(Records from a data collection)
-*-*-

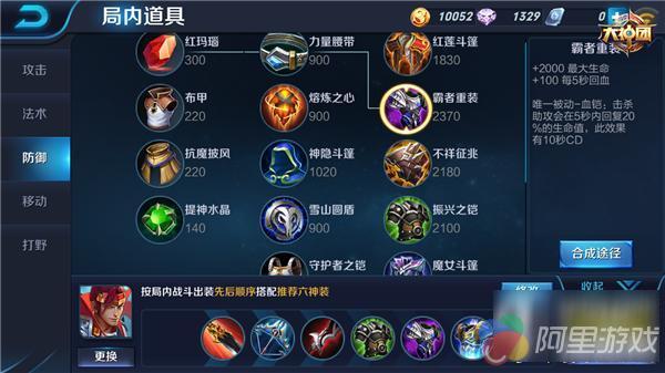 半肉装的韩信前中期先出好攻击装,到后期再来转型即可。军团荣耀、振兴之铠以及霸者重装都是不错的选择,首先是军团荣耀,团队型装备,能为友军提升物法防御。如果己方有坦克出到这个装备,那么韩信可以选择出振兴之凯增加一定的魔抗。而且振兴之凯提供冷却缩减属性外,配合回血装备能提高韩信的续航能力。霸者重装则是可以大幅度提升韩信的生命值,完成击杀或者配合队友击杀,都会触发血凯的被动效果立马回复生命值,更是让韩信越战越勇。
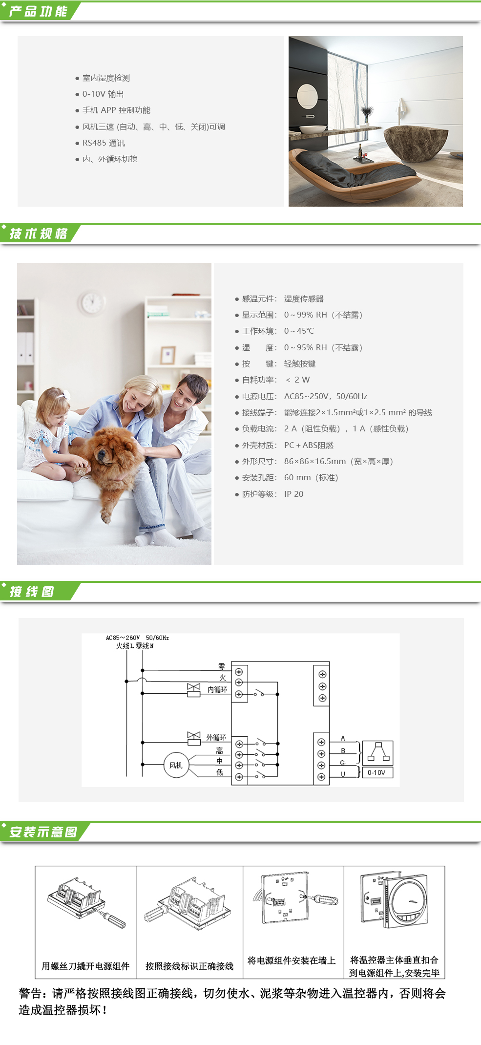 豪華型大液晶顯示新風(fēng)控制器,可通過無線 APP 遠程操控,適用于工業(yè)、商業(yè)及 家庭居室的新風(fēng)控制,可選擇風(fēng)機為室內(nèi)、室外循環(huán)模式,風(fēng)機三速(自動、高、中、 低、關(guān)閉)可調(diào),帶 RS485 通訊轉(zhuǎn)換控制。 新風(fēng)控制器采用微電腦控制技術(shù),大屏幕液晶顯示,可從云端獲取室內(nèi)環(huán)境信息 并可通過液晶顯示:PM2.5 濃度顯示(ug/m3)、濕度顯示(%RH)、CO2濃度顯示(PPM)、 時鐘顯示 ...
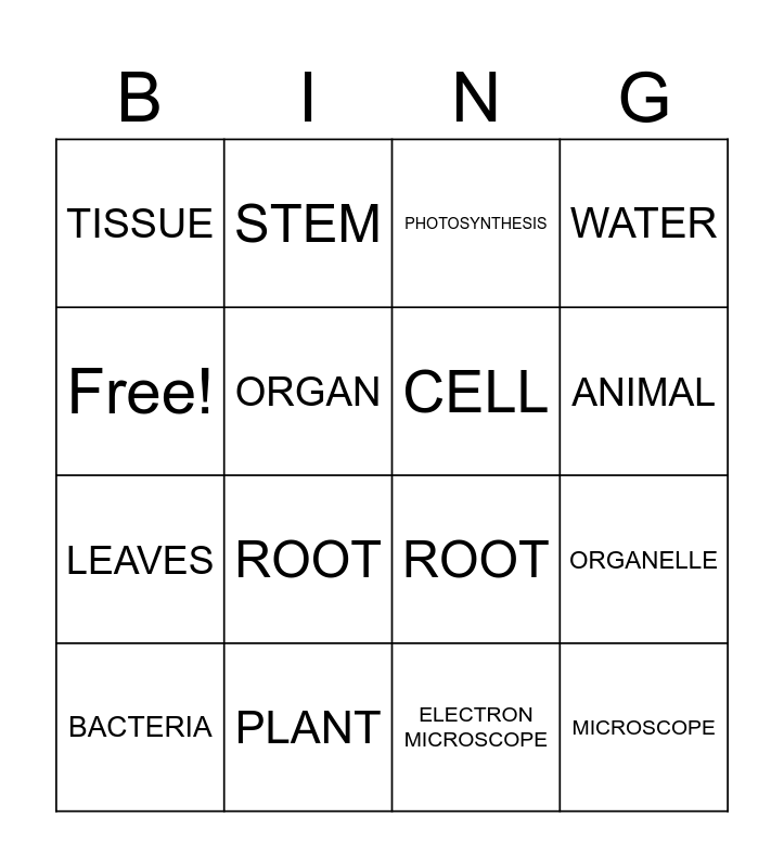 This bingo card has 16 words: PLANT, ORGANELLE, PHOTOSYNTHESIS, TISSUE, LEAVES, STEM, ROOT, ELECTRON MICROSCOPE, Free!, ORGAN, BACTERIA, WATER, ROOT, ANIMAL, CELL and MICROSCOPE.
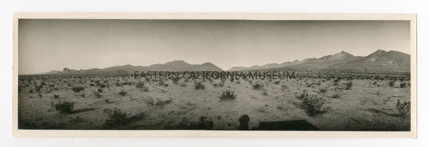 Photo of the desert landscape. The photographer's shadow (and maybe the shadow of Matt Wolfskill's travelling darkroom wagon) are in the foreground.
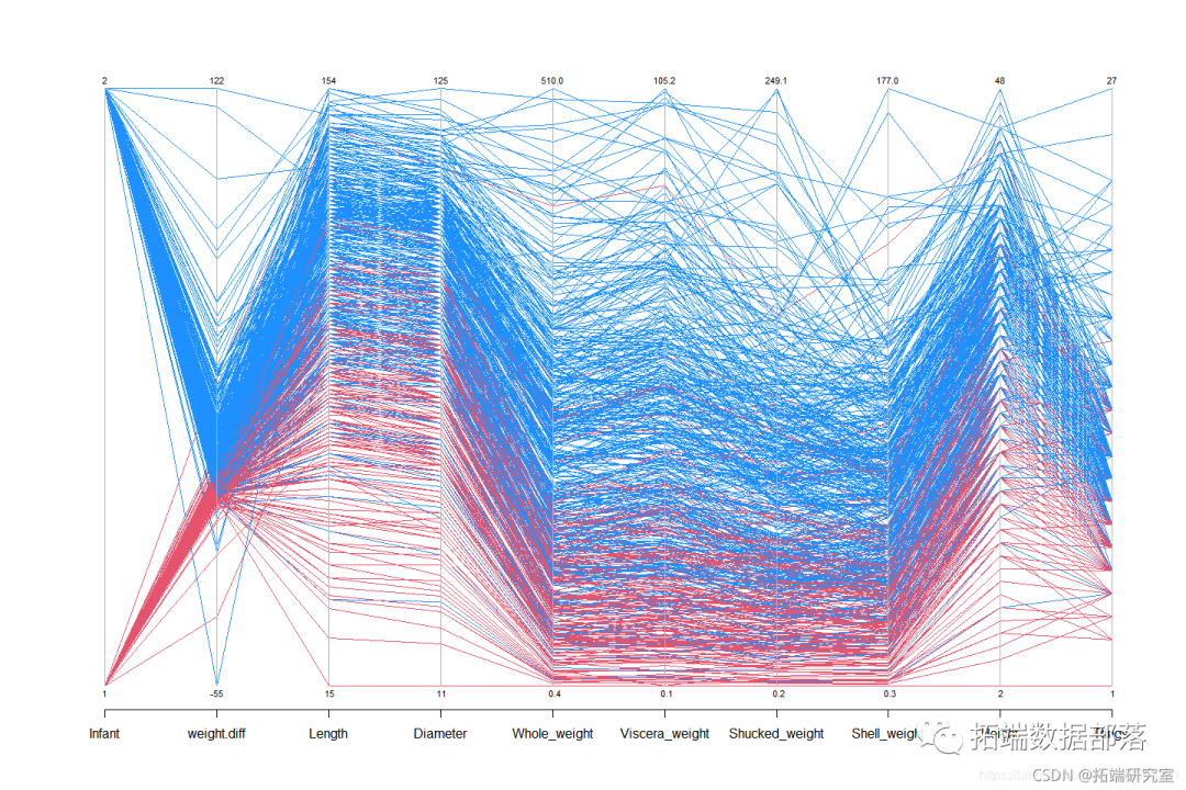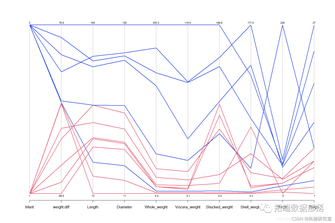如果我们使用平行坐标图绘制异常观测值,我们可以看到 Height 这些观测值与鲍鱼的平均高度相比更短。Whole\_weight 和 Viscera\_weight which as lower也是如此 。此外 weight.diff ,其中一些观察结果是否定的,这是我们在初始数据分析期间发现的。

-*-*-

> _YOUR TASK_
Look above for the line with "豪華型大液晶顯示新風(fēng)控制器,可通過無線 APP 遠程操控,適用于工業(yè)、商業(yè)及", then print it and each line after it down to and including the line with "This bingo card". Leave out the pictures and keep the wording exact.

> _RESPONSE TO THIS TASK_
 豪華型大液晶顯示新風(fēng)控制器,可通過無線 APP 遠程操控,適用于工業(yè)、商業(yè)及 家庭居室的新風(fēng)控制,可選擇風(fēng)機為室內(nèi)、室外循環(huán)模式,風(fēng)機三速(自動、高、中、 低、關(guān)閉)可調(diào),帶 RS485 通訊轉(zhuǎn)換控制。 新風(fēng)控制器采用微電腦控制技術(shù),大屏幕液晶顯示,可從云端獲取室內(nèi)環(huán)境信息 并可通過液晶顯示:PM2.5 濃度顯示(ug/m3)、濕度顯示(%RH)、CO2濃度顯示(PPM)、 時鐘顯示 ...
 This bingo card has 16 words: PLANT, ORGANELLE, PHOTOSYNTHESIS, TISSUE, LEAVES, STEM, ROOT, ELECTRON MICROSCOPE, Free!, ORGAN, BACTERIA, WATER, ROOT, ANIMAL, CELL and MICROSCOPE.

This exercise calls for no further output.